• TASK PROMPT:
Find the line holding "兩車頭尾燈皆為LED光源,且" in the entries below. Give it again exactly, along with every line after it up to and including the line holding "AAPL冲高回落,短期再次回".

• TASK MATERIAL:
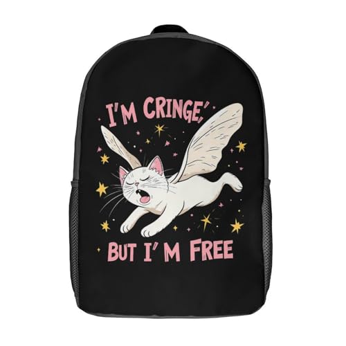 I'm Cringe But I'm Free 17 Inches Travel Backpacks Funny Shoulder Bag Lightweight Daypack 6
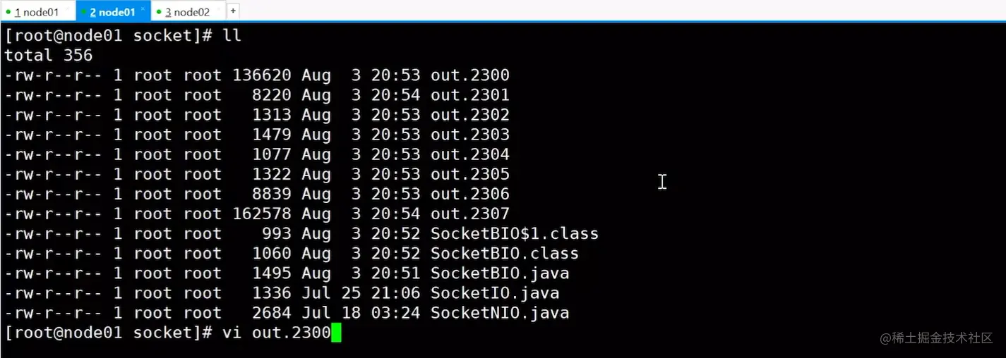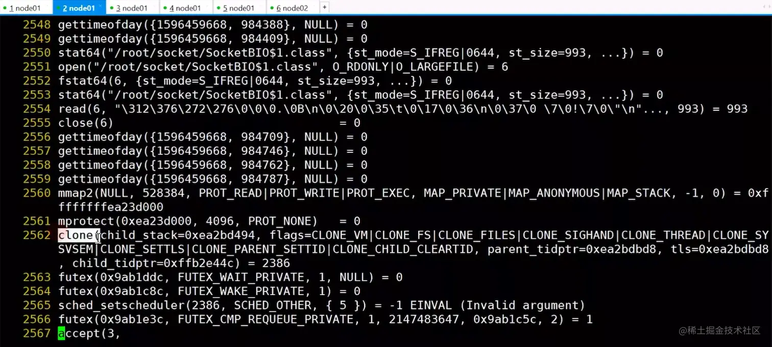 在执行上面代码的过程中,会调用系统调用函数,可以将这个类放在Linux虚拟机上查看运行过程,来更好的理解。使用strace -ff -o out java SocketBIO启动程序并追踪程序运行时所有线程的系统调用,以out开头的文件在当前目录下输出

==

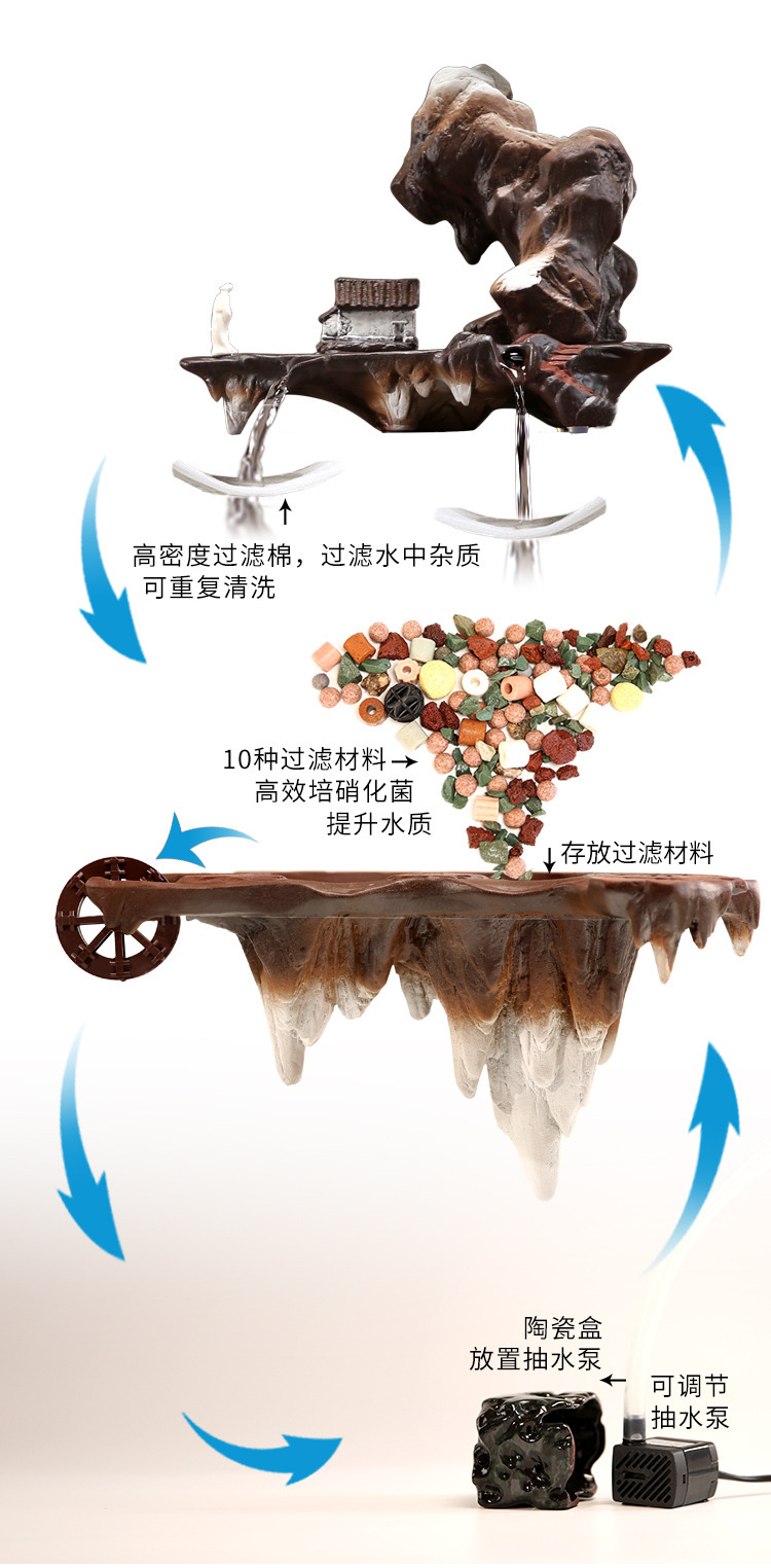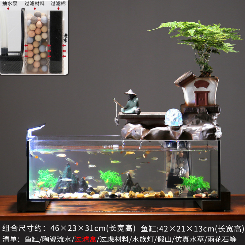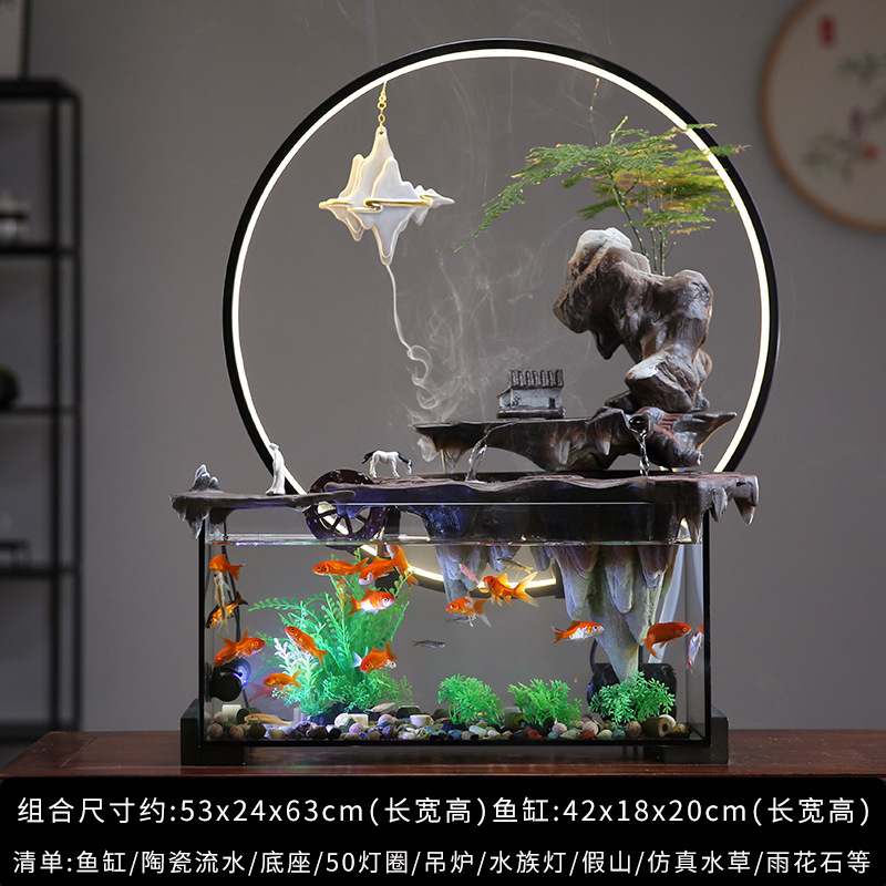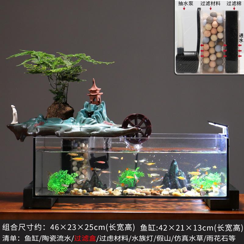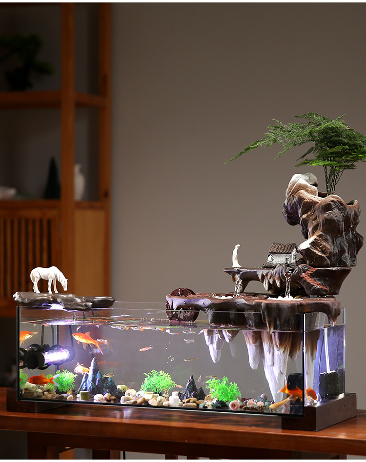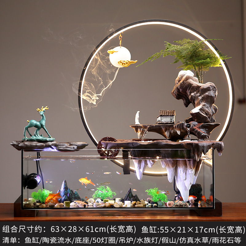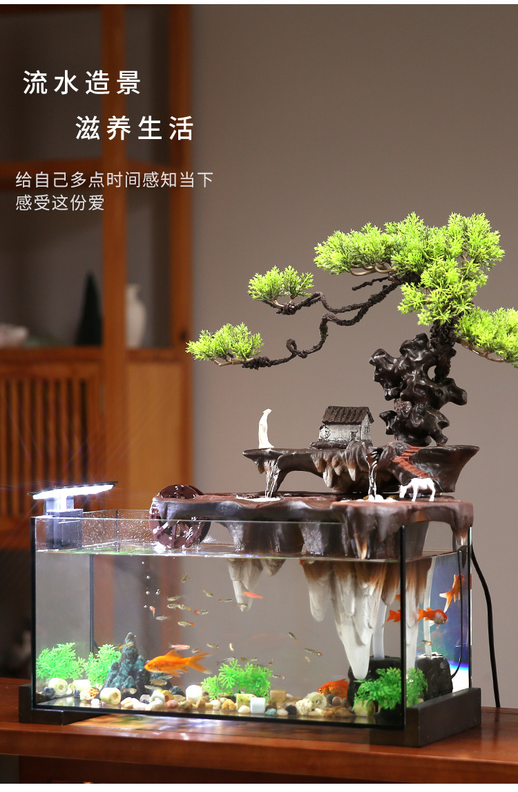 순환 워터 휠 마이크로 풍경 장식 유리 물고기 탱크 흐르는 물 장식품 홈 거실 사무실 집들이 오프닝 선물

--

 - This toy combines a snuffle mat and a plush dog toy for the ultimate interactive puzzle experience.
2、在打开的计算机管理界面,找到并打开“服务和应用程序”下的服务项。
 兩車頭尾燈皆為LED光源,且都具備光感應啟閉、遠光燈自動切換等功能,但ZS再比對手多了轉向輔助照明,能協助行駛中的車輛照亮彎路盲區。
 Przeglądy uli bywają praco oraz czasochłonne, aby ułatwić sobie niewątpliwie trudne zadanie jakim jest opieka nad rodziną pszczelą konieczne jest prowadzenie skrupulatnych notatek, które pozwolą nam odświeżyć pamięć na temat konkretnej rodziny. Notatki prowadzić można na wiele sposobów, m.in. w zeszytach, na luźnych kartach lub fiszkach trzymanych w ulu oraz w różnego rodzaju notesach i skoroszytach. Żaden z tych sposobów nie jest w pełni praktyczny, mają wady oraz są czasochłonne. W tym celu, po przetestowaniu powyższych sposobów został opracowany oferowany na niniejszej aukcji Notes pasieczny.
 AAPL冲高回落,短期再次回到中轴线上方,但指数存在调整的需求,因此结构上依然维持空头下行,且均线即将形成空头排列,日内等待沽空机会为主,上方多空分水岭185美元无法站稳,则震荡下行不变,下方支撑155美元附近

• WRITTEN REPLY:
 兩車頭尾燈皆為LED光源,且都具備光感應啟閉、遠光燈自動切換等功能,但ZS再比對手多了轉向輔助照明,能協助行駛中的車輛照亮彎路盲區。
 Przeglądy uli bywają praco oraz czasochłonne, aby ułatwić sobie niewątpliwie trudne zadanie jakim jest opieka nad rodziną pszczelą konieczne jest prowadzenie skrupulatnych notatek, które pozwolą nam odświeżyć pamięć na temat konkretnej rodziny. Notatki prowadzić można na wiele sposobów, m.in. w zeszytach, na luźnych kartach lub fiszkach trzymanych w ulu oraz w różnego rodzaju notesach i skoroszytach. Żaden z tych sposobów nie jest w pełni praktyczny, mają wady oraz są czasochłonne. W tym celu, po przetestowaniu powyższych sposobów został opracowany oferowany na niniejszej aukcji Notes pasieczny.
 AAPL冲高回落,短期再次回到中轴线上方,但指数存在调整的需求,因此结构上依然维持空头下行,且均线即将形成空头排列,日内等待沽空机会为主,上方多空分水岭185美元无法站稳,则震荡下行不变,下方支撑155美元附近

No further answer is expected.